Syamsuddin as-Sumatrani bernama asli Syamsuddin bin Abdullah.
Ia berasal dari Pasai, Aceh, sehingga ia sering pula disebut Syamsuddin Pasai.
Perihal sebutan Sumatrani yang selalu diiringkan di belakang namanya, itu merupakan penisbahan dirinya kepada "negeri Sumatra" alias Samudra Pasai. Sebab memang di kepulauan Sumatra ini tempo dulu pernah berdiri sebuah kerajaan yang cukup ternama, yakni Samudra Pasai.

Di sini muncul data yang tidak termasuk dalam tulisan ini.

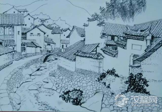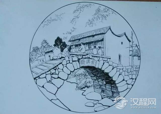 一座用巨大鹅卵石垒砌而成的石桥屹立在眼前,条石台阶磨得铠亮,桥中间大石上刻着显赫的几个大字“金溪桥”,桥长8、2米,宽3、2米,如此庞大的石桥没有任何水泥沙浆和粘合材料完全靠古老的拱形力学道理巧妙砌筑而成,如此高超的筑桥技艺世上少有。古桥没有装饰打扮,沾满青苔的鹅卵石和石缝里伸出得绿色植物,让石桥显得苍劲结实。在夕阳的晚风中,桥上两边垒着的石条坐着几个老人,他们叼着竹烟筒,唠嗑趣事,此番惬意逍遥让人羡慕。作品用精致的钢笔线条编织出一幅桃源桥乐图。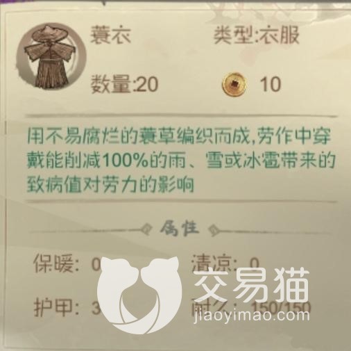 光想着治病怎么可以,应该要多想想要怎么预防,例如就可以为每个居民都备上一个保暖的衣服,其中蓑衣比较合适,因为它能非常有效的预防雨雪天气带来的影响,它的价格不是很贵,所以大家可以尝试获取一下。
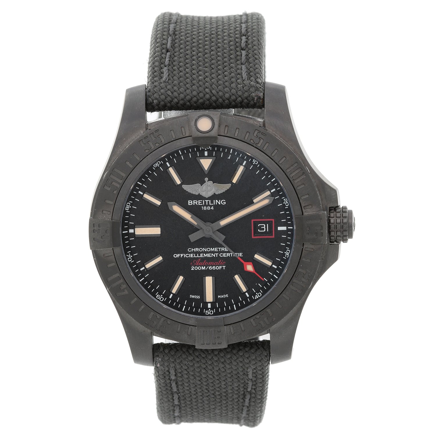 Breitling Avenger Blackbird 44 Men's Watch V1731110/BD74 - Automatic. Brushed black titanium case with rotating bezel (44 mm diameter). Black dial with luminous hour markers and hands; date at 3 o clock. Black Military Canvas strap band with Breitling buckle. Pre-owned with box and papers.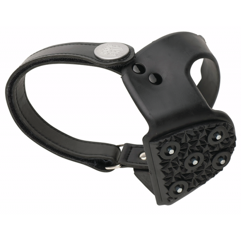 Vår hælbrodd er utstyrt med 5 innstøpte tungsten pigger. Den er både rask og enkel å ta av-og-på og festes godt med borrelås over skoen.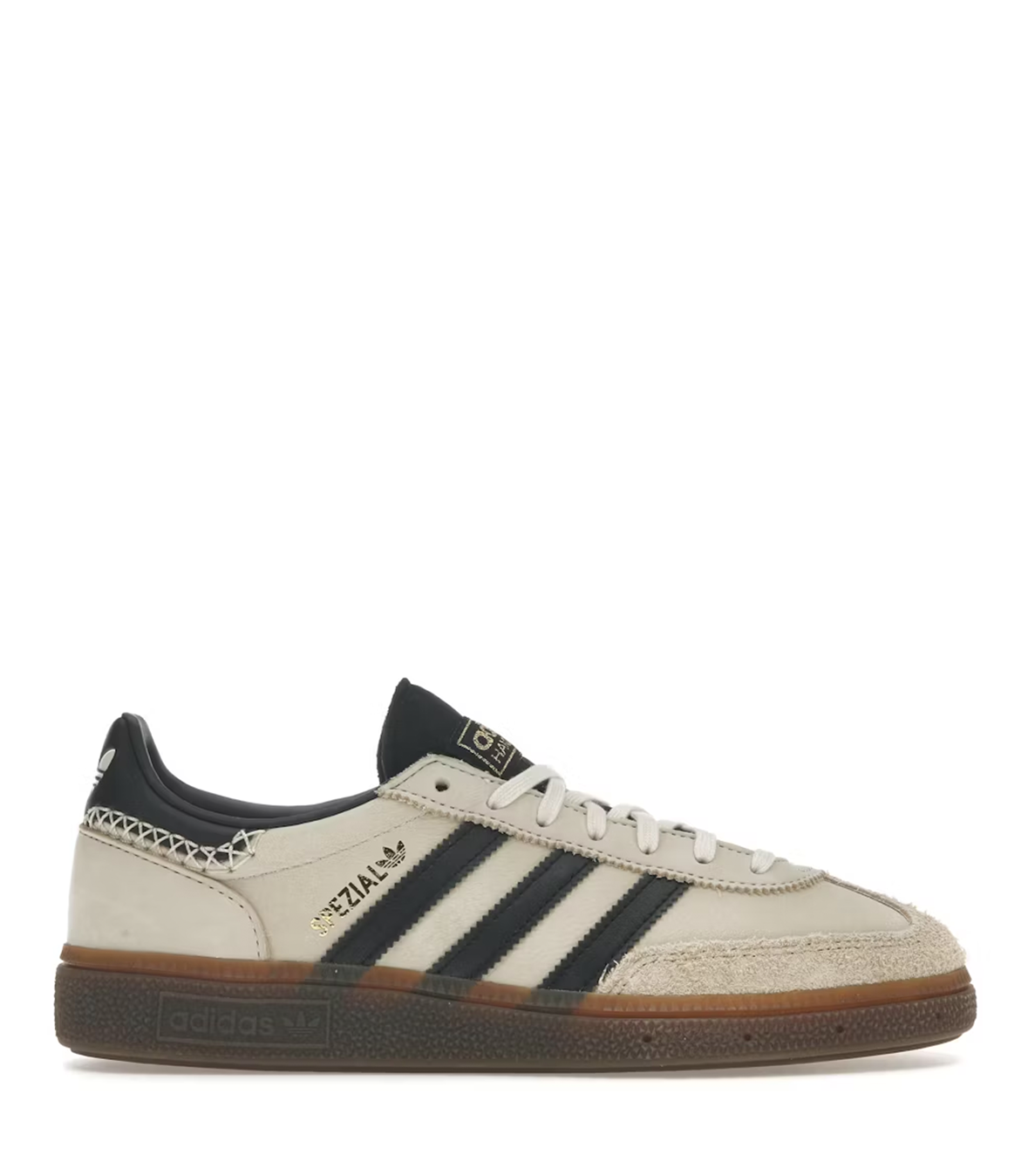 Handball Spezial designades ursprungligen som en inomhussko för handboll, men är nu en livsstilssneaker med rötter i retrostilen. Överdelen är tillverkad av premiumläder i Wonder White med svarta detaljer, som exempelvis de tre ränderna på sidopanelen, hälfliken, kragen och plösen. Till skillnad från andra modeller har "Wonder White Black"-versionen en T-formad tåbox i mjuk mocka i färgen Magic Beige. Märkesdetaljer inkluderar metalliskt guldfärgad text ‘SPEZIAL’ på sidopanelen samt en Wonder White-trefoil på hälfliken.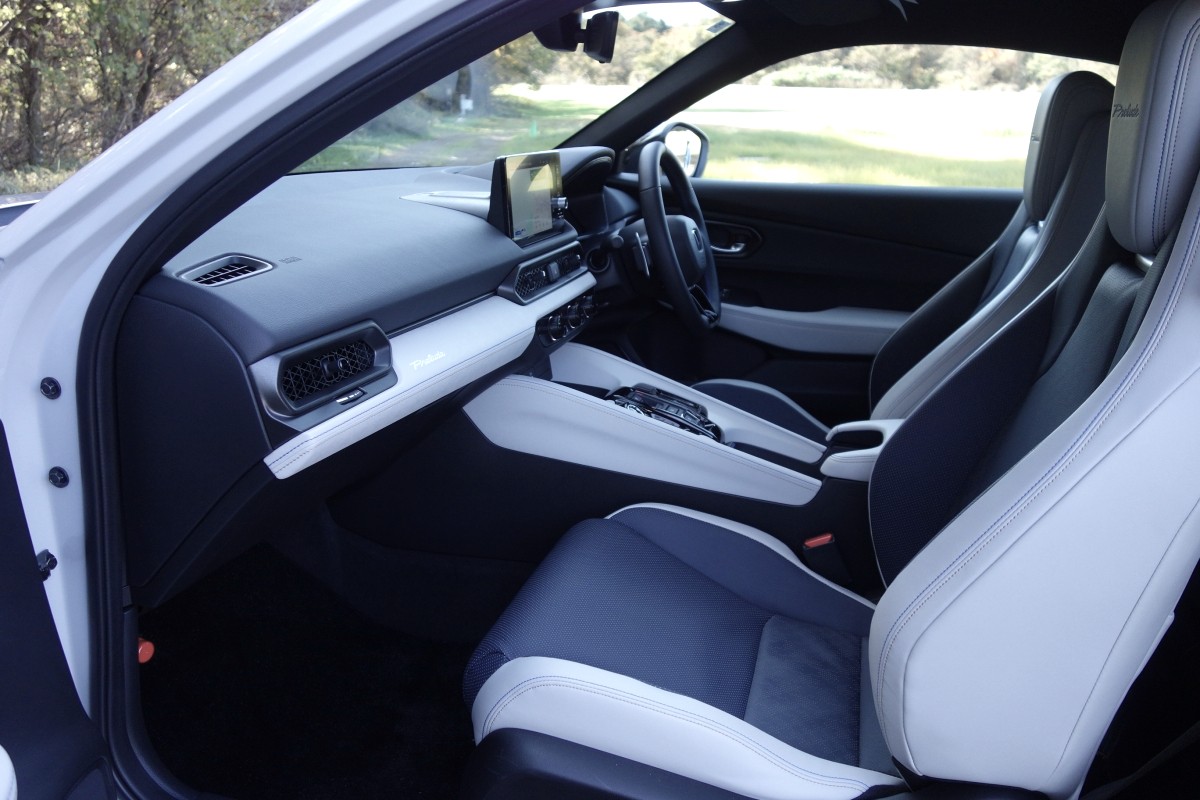 FFの駆動方式でパワーユニットこそシビックe:HEVモデルなどでおなじみのSPORTS e:HEV 2.0L直噴エンジン、141ps、18.6kg-mとモーター184ps、32.1kg-mの組み合わせではあるものの、シビックtype-Rと共通かつプレリュード用に専用セッティングされた前後サスペンション、専用パワーステアリング、ZF製電子制御連続可変ダンパー、ブレンボ製ブレーキキャリパー、プレリュード専用235/40R19タイヤ(コンチネンタル・プレミアムコンタクト6)、そしてブレーキング時まで作動するアジャイルハンドリングシステム(回頭性や安定性を高めるシステム)などまでが贅沢にも奢られている。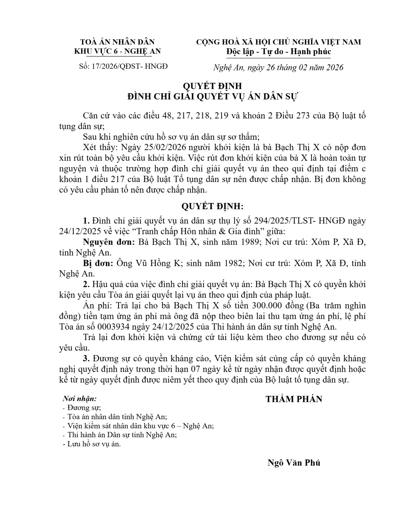 Quyết định số 17/2026/QĐST-HNGĐ ngày 26/02/2026 của Tòa án nhân dân khu vực 6 - Nghệ An, tỉnh Nghệ An về vụ án ly hôn về mâu thuẫn gia đình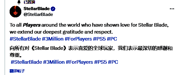官方表示:“向所有对《剑星》表示喜爱的全球玩家,我们表示最深切的感谢和尊重。”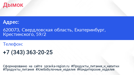 Дымок по адресу 620073, Свердловская область, Екатеринбург, Крестинского, 59/2 в дальнейшем Организация, размещена в следующих категориях: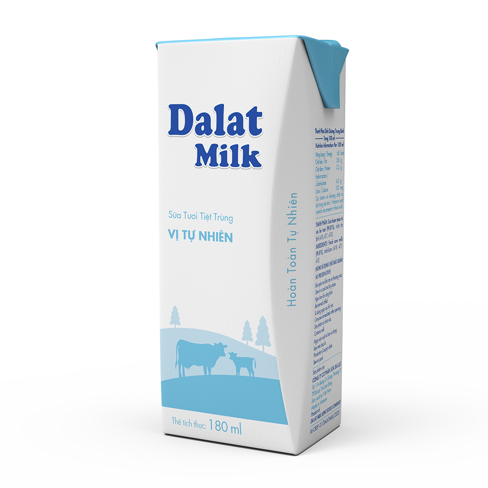 Sữa tươi tiệt trùng Dalatmilk hoàn toàn tự nhiên được sản xuất từ sữa tươi của những vùng chăn nuôi bò sữa nổi tiếng, không sử dụng chất bảo quản hoặc nguyên liệu tổng hợp.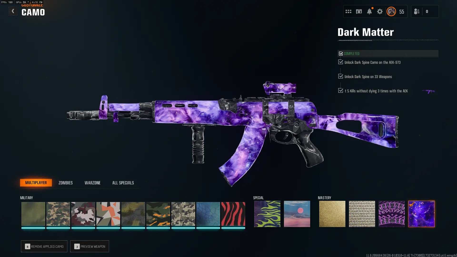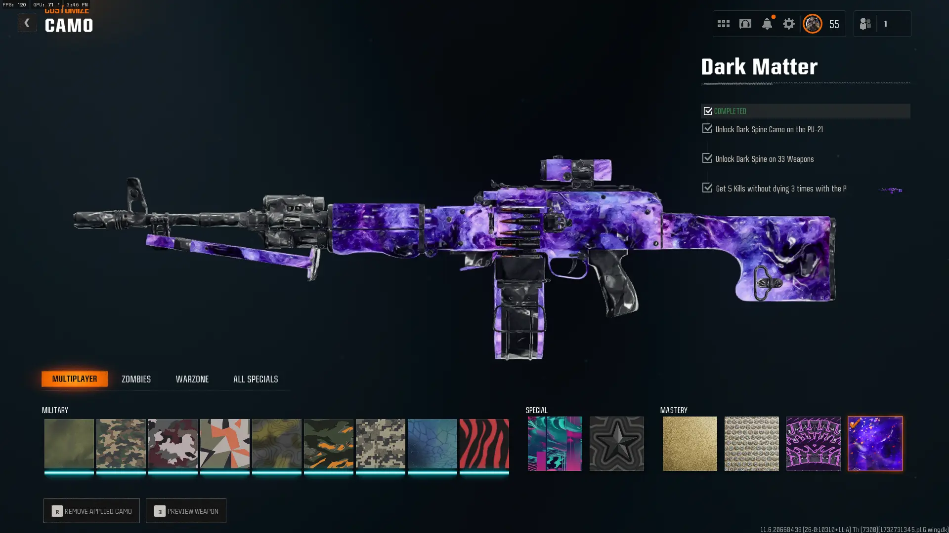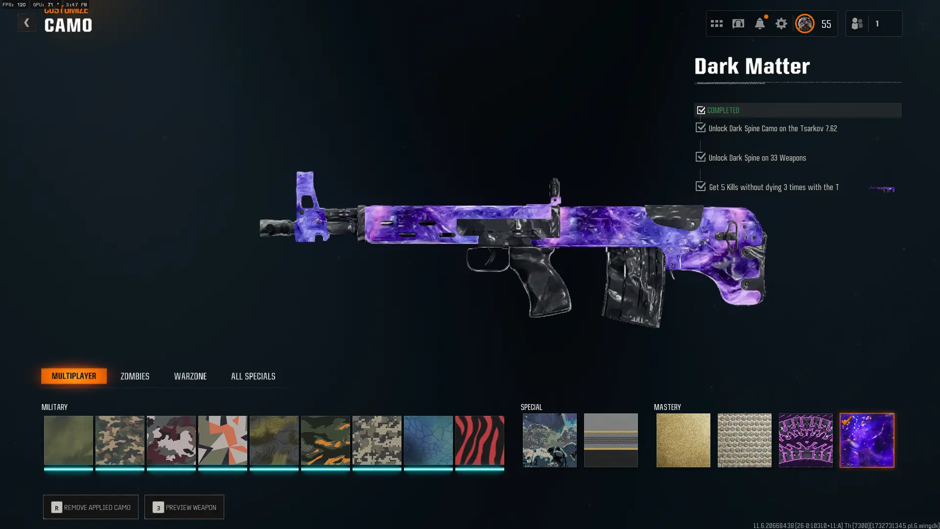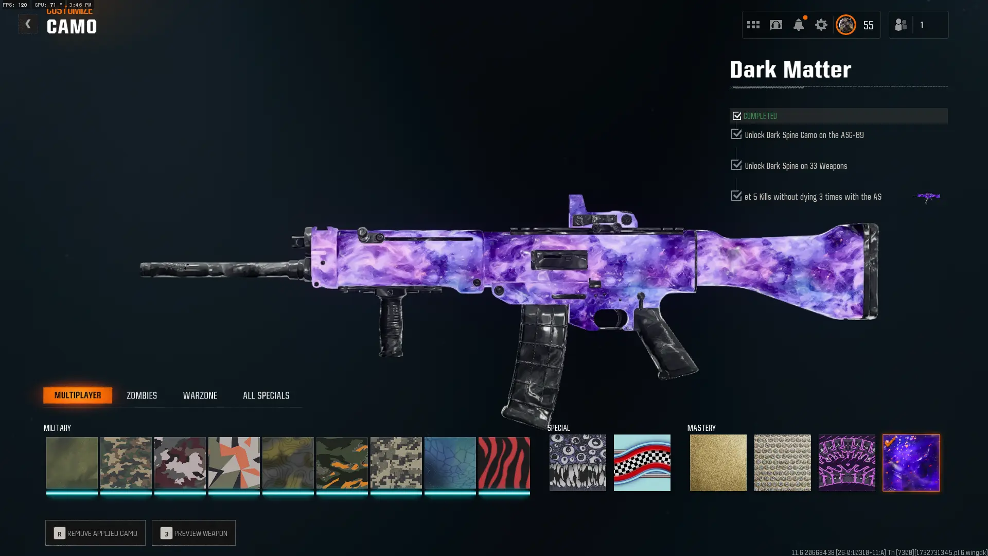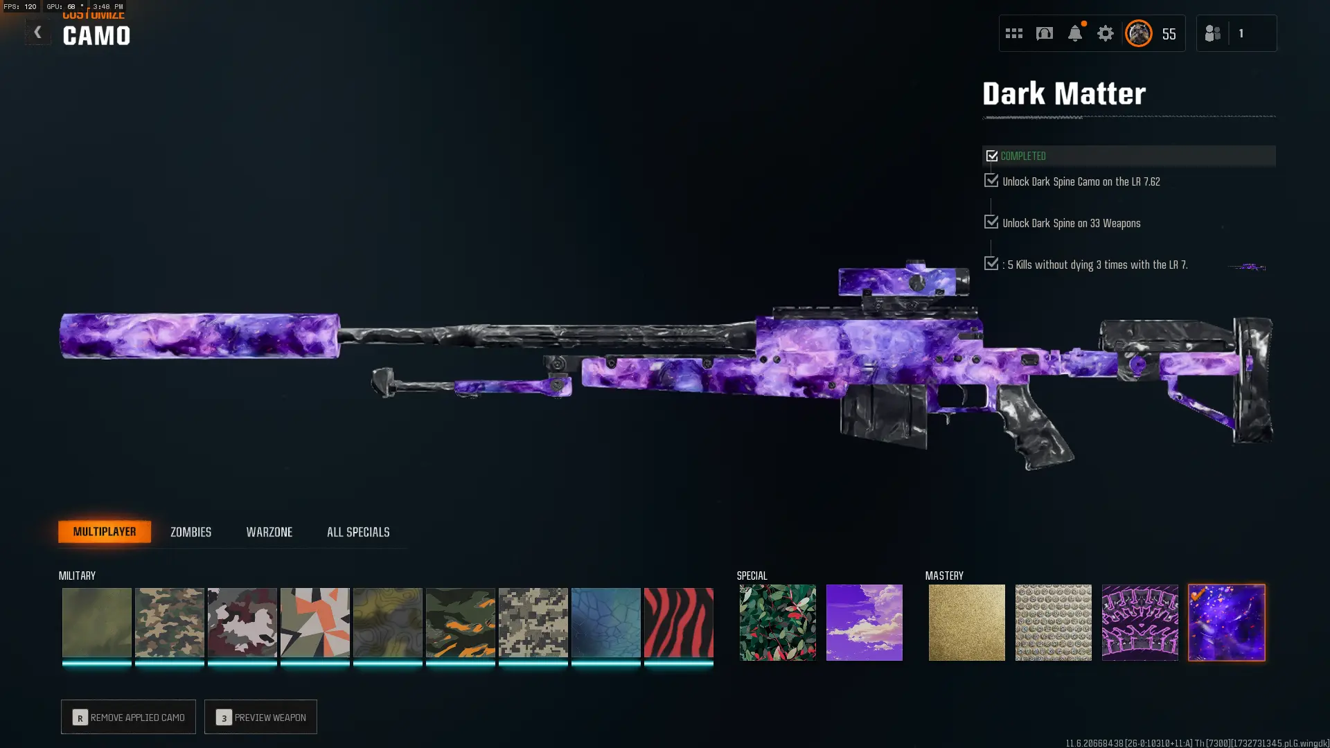 💎 BO6 & WZ4 ⭐prestige 5 33 Dark Matter 💎495 Camos 💎 Multiplayer Camos Are Unlocked on 33 Weapon⚔️ Level 55 🔥 16 Operators 🕸️ Dark Spine 💎 Diamond✨ Gold Camos 🦾 Prestige-Ready🦾 Linkable to: Steam, Battle.net, PSN, Xbox 🌐 Black Ops 6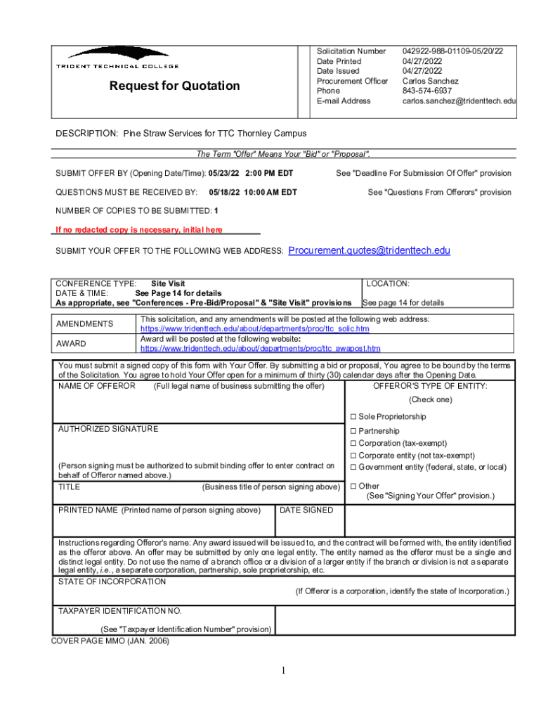 Solicitation Number Date Printed Date Issued Procurement Officer Phone Email AddressRequest for Quotation0429229880110905/20/22 04/27/2022 04/27/2022 Carlos Sanchez 8435746937 carlos.sanchez@tridenttech.eduDESCRIPTION: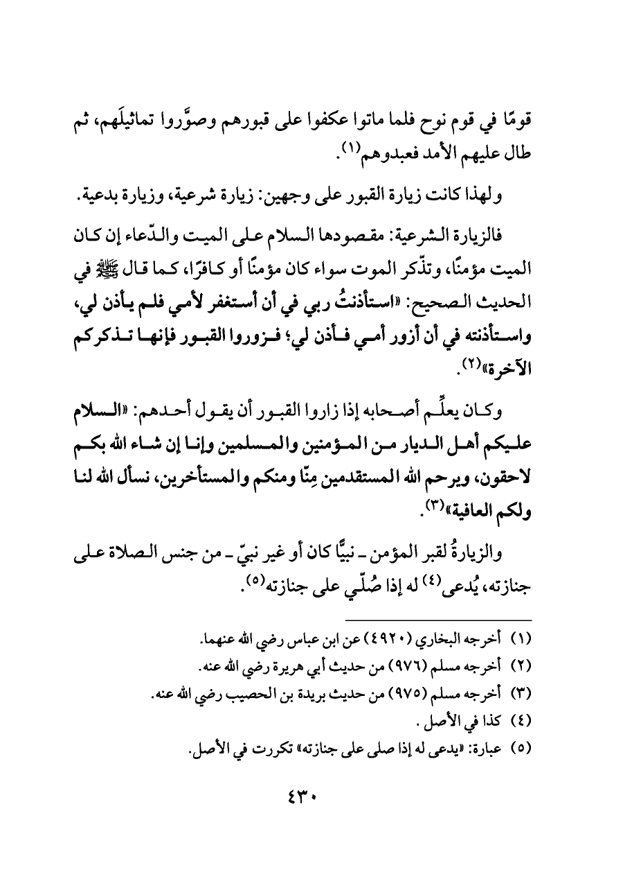 فالزيارة الشرعية: مقصودها السلام على الميت والدّعاء إن كان الميت مؤمنًا، وتذّكر الموت سواء كان مؤمنًا أو كافرًا، كما قال - صلى الله عليه وسلم - في الحديث الصحيح: "استأذنتُ ربي في أن أستغفر لأمي فلم يأذن لي، واستأذنته في أن أزور أمي فأذن لي؛ فزوروا القبور فإنها تذكركم الآخرة" (¬٢).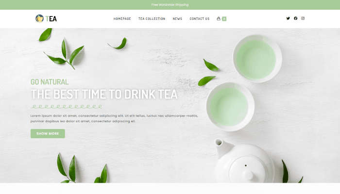 Il tema Tea Shop è un modello versatile e facile da usare progettato specificamente per i negozi di tè. Offre una gamma di opzioni di personalizzazione per personalizzare l'aspetto del tuo sito web in base al tuo marchio.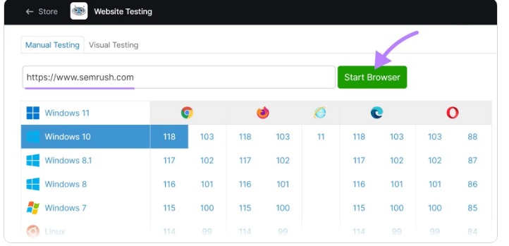 然后,选择要检查的操作系统、浏览器和浏览器版本。然后点击"开始 浏览器.”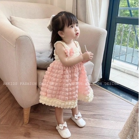 Váy cho bé gái xốp hồng 2 dây đính nơ 8-22kg
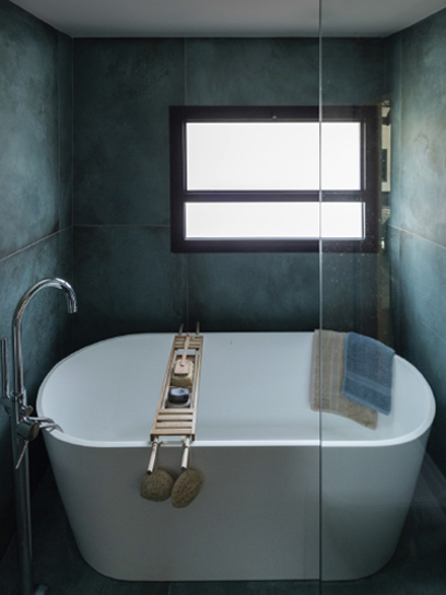 The main 27 sq m space can be divided as needed by glass sliding partitions and centers on a round bed (⌀2.65 m with ⌀2.2 m mattress), which is in itself a “place”. Across from the round bed are two sleeper armchairs that convert into orthopedic single beds. Also in the loft is a spacious 15 sq m dining area with a 3.5 m long dining table that can seat up to 13 people. The library area (18 sq m) serves as an alternative lounge and is furnished with a comfortable orthopedic sofa bed. In all, this suite sleeps up to six people. In the lavish bathroom (4.5 sq m) you will find a free-standing bathtub, and there is an additional toilet room (1.5 sq m). The villa’s bar-kitchen (20 sq m) and the pergola-shaded patio (18 sq m) are an integral part of the loft’s flowing space.
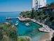 Собствен, пясъчно-чакълест и платформа в малък живописен залив. Достъпът до плажа е по стълби / с асансьор. Чадъри, шезлонги, матраци и кърпи – безплатно.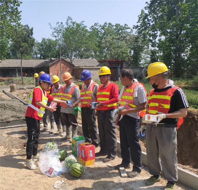 施工加速度的背后是汗水。在五一期間,界首市氣溫連續(xù)一周高達(dá)36℃,項(xiàng)目部完善高溫作業(yè)應(yīng)急處理預(yù)案,合理安排作息時(shí)間,減少了白天室外作業(yè)時(shí)間,披星戴月、節(jié)假無休的搶工模式也成了家常便飯?!翱嗍强嗔它c(diǎn),但也是鍛煉的好機(jī)會(huì),雖然任務(wù)重,但是大家戰(zhàn)斗在一起,共同為榮譽(yù)而戰(zhàn),多苦也是值得的?!表?xiàng)目部管理人員這樣說道。為保障每一位工人的人身安全,項(xiàng)目部還積極向作業(yè)人員宣傳高溫期間防暑降溫基本常識(shí)和救援知識(shí),增強(qiáng)高溫天氣預(yù)防中暑的安全意識(shí)和急救能力,并為各工區(qū)施工人員發(fā)放防暑降溫物品。

Itulah sebabnya ia juga terkadang disebut Syamsuddin Pasai.

Menurut kitab Bustan as-Salatin karangan Nuruddin a-Raniri, ia lahir pada pertengahan abad dan meninggal pada tanggal 25 Februari 1630, bertepatan dengan hari Senin, 12 Rajab 1038. Tidak banyak yang dapat diketahui tentang riwayat hidup pribadi Syamsuddin. Tetapi beberapa peneliti menyebutkan bahwa Syamsuddin belajar kepada Hamzah Fansuri dan juga Sunan Bonang.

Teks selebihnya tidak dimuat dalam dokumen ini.